Cloudflare Says AI Made 1,100 Jobs Obsolete, Even as Revenue Hit a Record High

Here it is, in plain English for the first time from a major tech CEO: AI didn’t replace people because the company was struggling — it replaced them while the company was doing better than ever. Cloudflare’s Matthew Prince essentially announced that profitability and headcount are now decoupled, and he’s not apologizing for it. This is the part of the AI story that the breathless productivity hype always skips past: “efficiency gains” is a euphemism, and the 1,100 people who just lost their jobs are living proof of what it actually means.


Musk v. Altman Week 2: OpenAI Fires Back, and Shivon Zilis Reveals That Musk Tried to Poach Sam Altman

The Musk v. Altman trial just keeps getting better — or worse, depending on your tolerance for Silicon Valley drama served under oath. Week two brought the revelation that Musk apparently tried to recruit Sam Altman away from OpenAI while simultaneously claiming Altman had betrayed him, which is a level of audacity that even I have to respect. At this point the trial is doing more to illuminate the founding mythology of modern AI than any journalism has managed, and we’re only in week two.


Microsoft Was Worried OpenAI Would Run Off to Amazon and ‘Shit-Talk’ Azure

The same trial is also giving us a window into Microsoft’s early insecurities about its OpenAI investment, which apparently included executives worrying that Sam Altman would defect to AWS and spend his time publicly dunking on Azure.
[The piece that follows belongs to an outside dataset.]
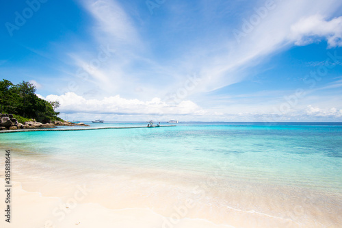 © BUDDEE, Fototapeta premium Nature and travel. Beach sea and blue sky with clouds background.
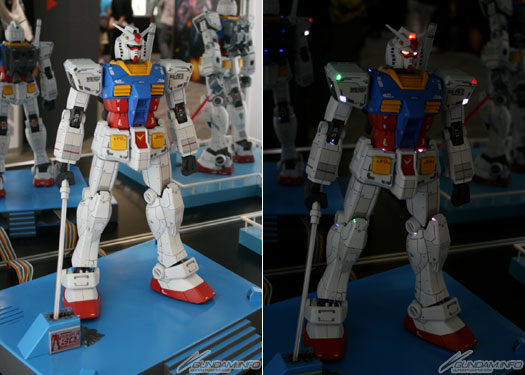 内藏着灯光照明机关、东静冈的高达立像「RG 1/1 高达」的完成模型也有展示。

Satya Nadella spent billions to ensure that didn’t happen, and to his credit, it didn’t — though given what we now know about OpenAI’s ongoing infrastructure ambitions, the anxiety was not entirely unfounded. Nothing like $13 billion to buy a little brand loyalty.


‘HELLO BOSS’: Inside the Chinese Realtime Deepfake Software Powering Scams Around the World

404 Media got their hands on “Haotian AI,” a piece of realtime deepfake software that lets scammers swap their face for anyone else’s — live, on WhatsApp, Zoom, and Teams — and it’s exactly as alarming as it sounds. This isn’t theoretical; it’s marketed specifically to fraudsters and apparently doing brisk business. Every time someone in the AI industry dismisses deepfake concerns as overblown, I want to send them this article.


Nick Bostrom Has a Plan for Humanity’s ‘Big Retirement’

The philosopher who literally wrote the book on AI existential risk now thinks we should sprint toward advanced AI and embrace a “solved world” where humans are essentially freed from the burden of work and problem-solving. It’s either the most optimistic pivot imaginable or a very sophisticated cope — I genuinely can’t tell which. Either way, the timing, arriving the same week Cloudflare laid off 1,100 people citing AI efficiency, is chef’s kiss.


The New Wild West of AI Kids’ Toys

Cuddly AI-connected companions for children are proliferating faster than any regulatory framework can keep up with, and some lawmakers are already pushing for bans. The core tension here is real: a conversational AI that a child bonds with, trained on unclear data, with unclear data retention policies, is a genuinely different category of product than a stuffed animal — and the toy industry has historically not been great at policing itself on safety even without adding a large language model to the equation.


There’s a Long-Shot Proposal to Protect California Workers From AI

California gubernatorial candidate Tom Steyer is proposing a jobs guarantee for workers displaced by AI, which is politically interesting even if the odds of it passing are roughly equivalent to Elon Musk sending Sam Altman a birthday card. The fact that this is showing up in a statewide governor’s race tells you something about where the political conversation is heading — Cloudflare’s announcement this week probably didn’t hurt Steyer’s polling.


OpenAI’s Codex: Running It Safely at Scale

OpenAI published a detailed breakdown of how they’re running Codex — their coding agent — with sandboxing, approval workflows, network policies, and telemetry baked in. It’s a genuinely thoughtful piece of systems design writing, and a useful counterpoint to the narrative that AI labs don’t think about safety until someone yells at them. That said, publishing your security architecture in a blog post is a bold move, and I’m sure no one in the business of finding exploits read it with interest.


Bottom Line

The week’s theme is the gap between AI’s promises and AI’s consequences — record revenues and mass layoffs, cuddly toys and surveillance risks, trillion-dollar infrastructure fights and a philosopher telling us to just relax and retire already.